• [What the exercise asks]: In the records below, find every line with the word "Murskih" and copy it.

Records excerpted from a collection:
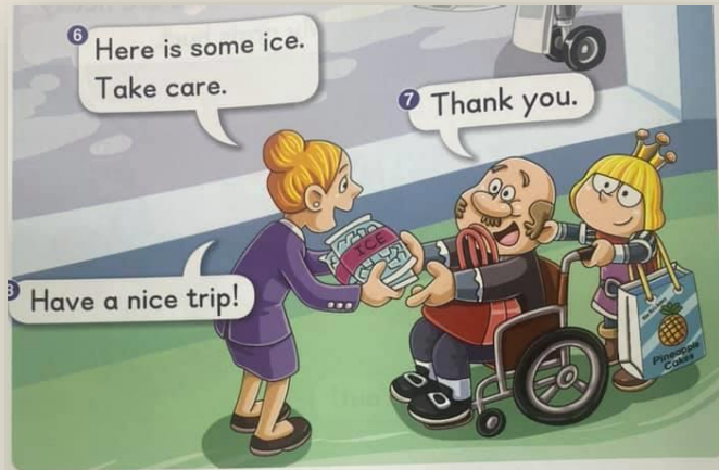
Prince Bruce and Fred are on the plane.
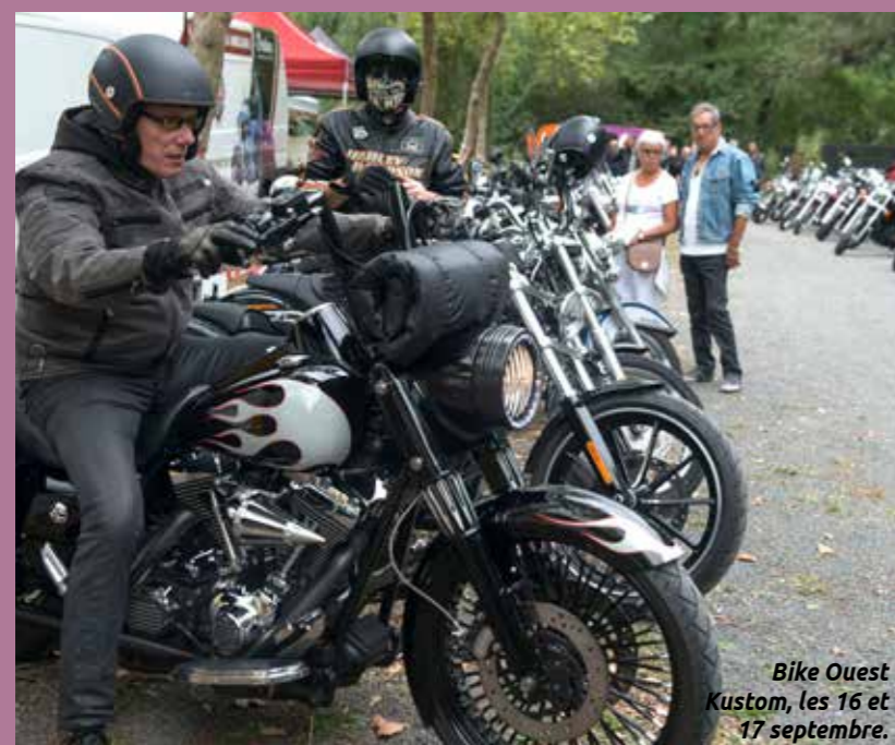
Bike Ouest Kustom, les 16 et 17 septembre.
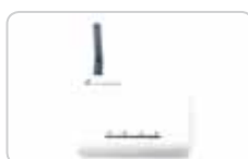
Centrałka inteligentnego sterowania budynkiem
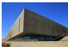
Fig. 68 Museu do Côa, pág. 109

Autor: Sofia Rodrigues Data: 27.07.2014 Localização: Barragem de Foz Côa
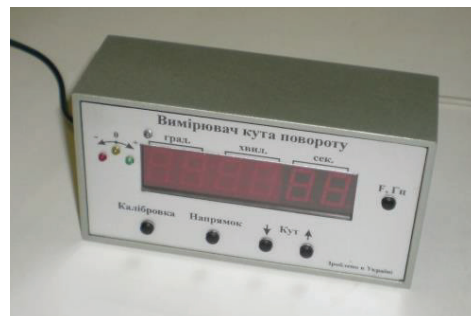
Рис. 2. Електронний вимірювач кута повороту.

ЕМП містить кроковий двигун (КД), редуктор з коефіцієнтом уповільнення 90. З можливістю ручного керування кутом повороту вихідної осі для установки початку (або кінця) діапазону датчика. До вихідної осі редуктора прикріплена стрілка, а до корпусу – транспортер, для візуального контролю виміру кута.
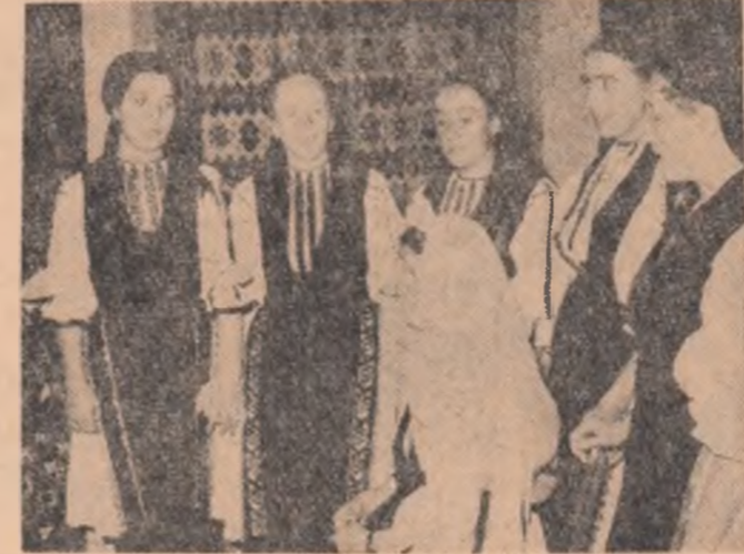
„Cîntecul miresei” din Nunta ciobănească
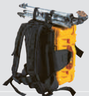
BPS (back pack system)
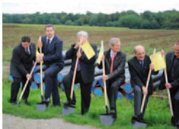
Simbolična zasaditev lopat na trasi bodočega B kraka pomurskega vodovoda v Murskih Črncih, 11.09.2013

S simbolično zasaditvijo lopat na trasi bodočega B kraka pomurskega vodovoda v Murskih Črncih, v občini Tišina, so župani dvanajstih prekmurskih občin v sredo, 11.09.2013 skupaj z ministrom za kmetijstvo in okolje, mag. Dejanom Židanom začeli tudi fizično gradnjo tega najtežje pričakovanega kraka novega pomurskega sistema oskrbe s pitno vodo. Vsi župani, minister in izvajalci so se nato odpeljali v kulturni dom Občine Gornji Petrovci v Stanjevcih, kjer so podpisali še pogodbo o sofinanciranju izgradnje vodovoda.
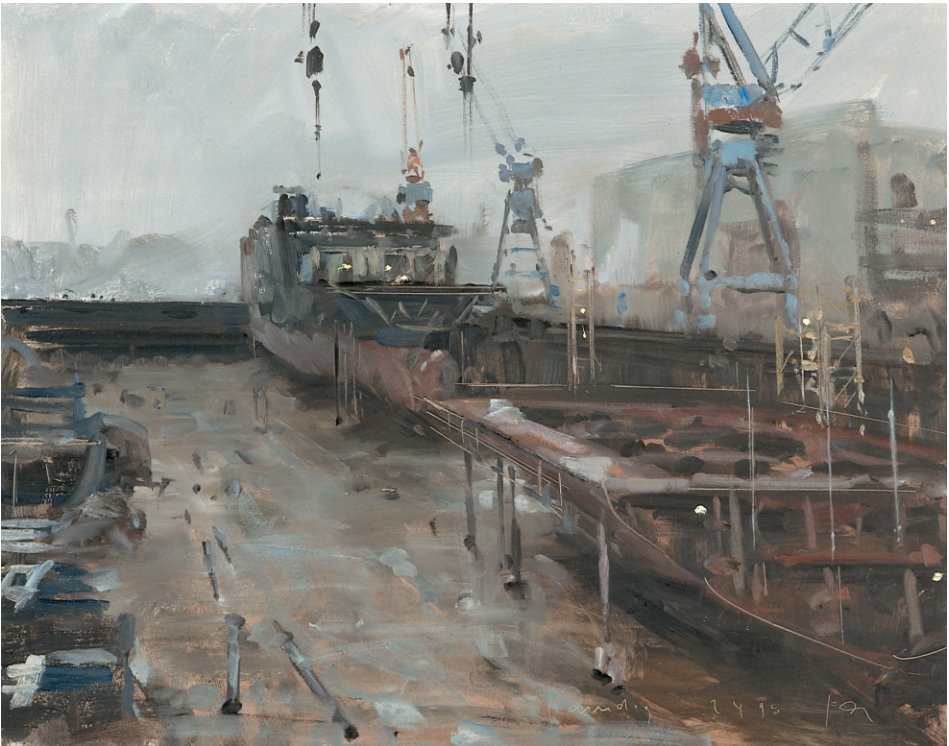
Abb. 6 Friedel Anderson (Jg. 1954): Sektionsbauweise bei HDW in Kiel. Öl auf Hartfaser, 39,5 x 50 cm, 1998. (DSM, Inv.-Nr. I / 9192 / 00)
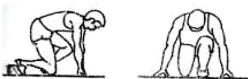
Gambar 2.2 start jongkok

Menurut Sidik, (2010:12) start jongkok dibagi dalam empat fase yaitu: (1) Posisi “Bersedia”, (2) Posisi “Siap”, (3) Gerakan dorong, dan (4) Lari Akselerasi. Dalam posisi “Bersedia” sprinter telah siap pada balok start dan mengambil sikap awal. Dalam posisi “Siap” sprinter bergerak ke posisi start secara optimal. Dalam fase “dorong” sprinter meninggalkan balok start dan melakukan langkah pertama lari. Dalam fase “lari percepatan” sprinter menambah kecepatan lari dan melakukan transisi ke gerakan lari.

...

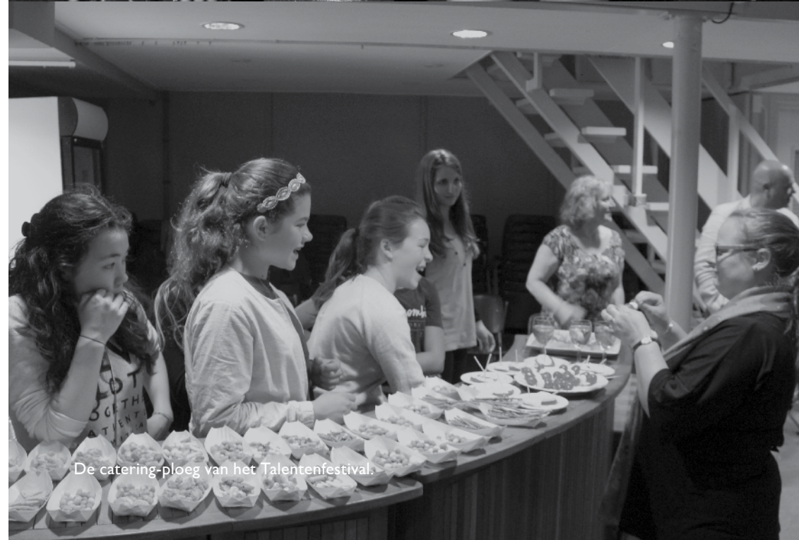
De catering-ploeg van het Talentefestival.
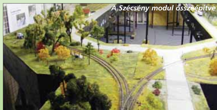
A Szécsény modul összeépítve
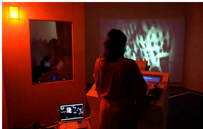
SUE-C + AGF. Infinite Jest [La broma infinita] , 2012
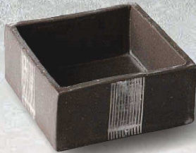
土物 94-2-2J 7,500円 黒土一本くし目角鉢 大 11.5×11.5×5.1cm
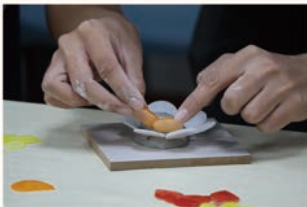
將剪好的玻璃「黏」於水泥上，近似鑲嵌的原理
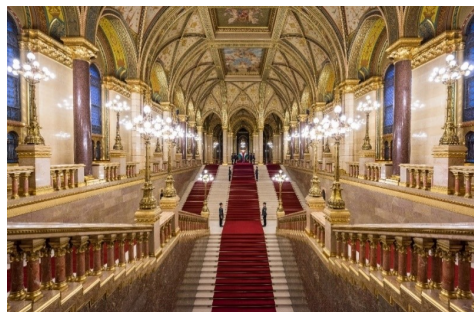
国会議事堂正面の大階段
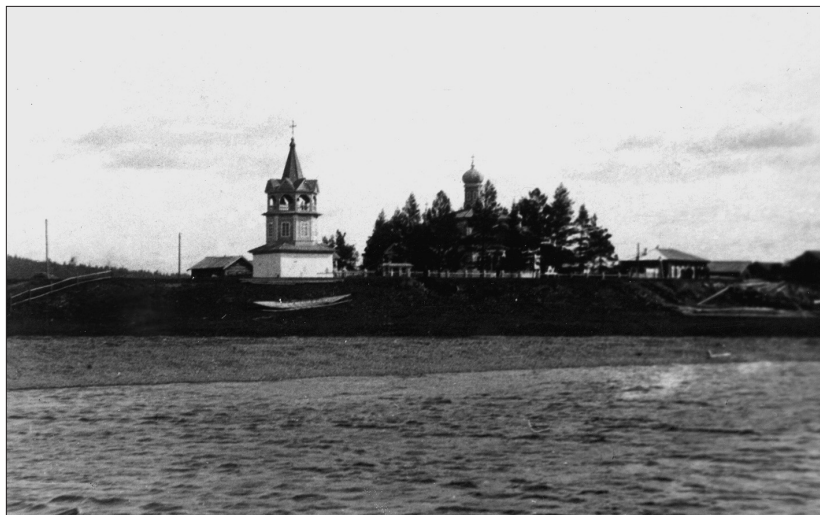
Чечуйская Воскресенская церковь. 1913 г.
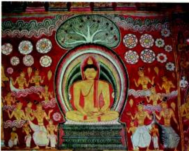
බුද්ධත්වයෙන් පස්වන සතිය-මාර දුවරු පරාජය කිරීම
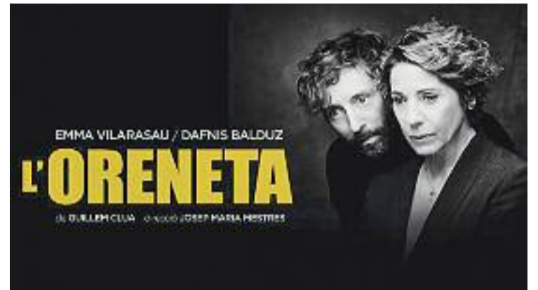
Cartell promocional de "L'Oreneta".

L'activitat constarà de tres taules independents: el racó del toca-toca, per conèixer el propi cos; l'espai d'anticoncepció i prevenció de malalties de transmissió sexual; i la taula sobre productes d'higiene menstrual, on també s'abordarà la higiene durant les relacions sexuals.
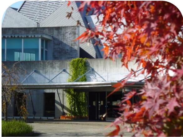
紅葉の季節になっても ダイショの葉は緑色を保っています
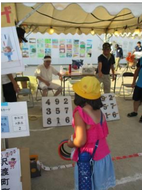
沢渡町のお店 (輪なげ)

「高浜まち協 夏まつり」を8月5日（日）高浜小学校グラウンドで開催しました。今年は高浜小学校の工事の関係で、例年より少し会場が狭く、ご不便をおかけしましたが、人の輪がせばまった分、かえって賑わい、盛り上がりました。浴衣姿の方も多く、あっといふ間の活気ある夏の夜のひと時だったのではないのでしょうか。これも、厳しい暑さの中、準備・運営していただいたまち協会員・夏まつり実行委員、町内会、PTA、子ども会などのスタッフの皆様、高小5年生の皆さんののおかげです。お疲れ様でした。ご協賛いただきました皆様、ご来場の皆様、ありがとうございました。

• [Written reply]:
Simbolična zasaditev lopat na trasi bodočega B kraka pomurskega vodovoda v Murskih Črncih, 11.09.2013
S simbolično zasaditvijo lopat na trasi bodočega B kraka pomurskega vodovoda v Murskih Črncih, v občini Tišina, so župani dvanajstih prekmurskih občin v sredo, 11.09.2013 skupaj z ministrom za kmetijstvo in okolje, mag. Dejanom Židanom začeli tudi fizično gradnjo tega najtežje pričakovanega kraka novega pomurskega sistema oskrbe s pitno vodo. Vsi župani, minister in izvajalci so se nato odpeljali v kulturni dom Občine Gornji Petrovci v Stanjevcih, kjer so podpisali še pogodbo o sofinanciranju izgradnje vodovoda.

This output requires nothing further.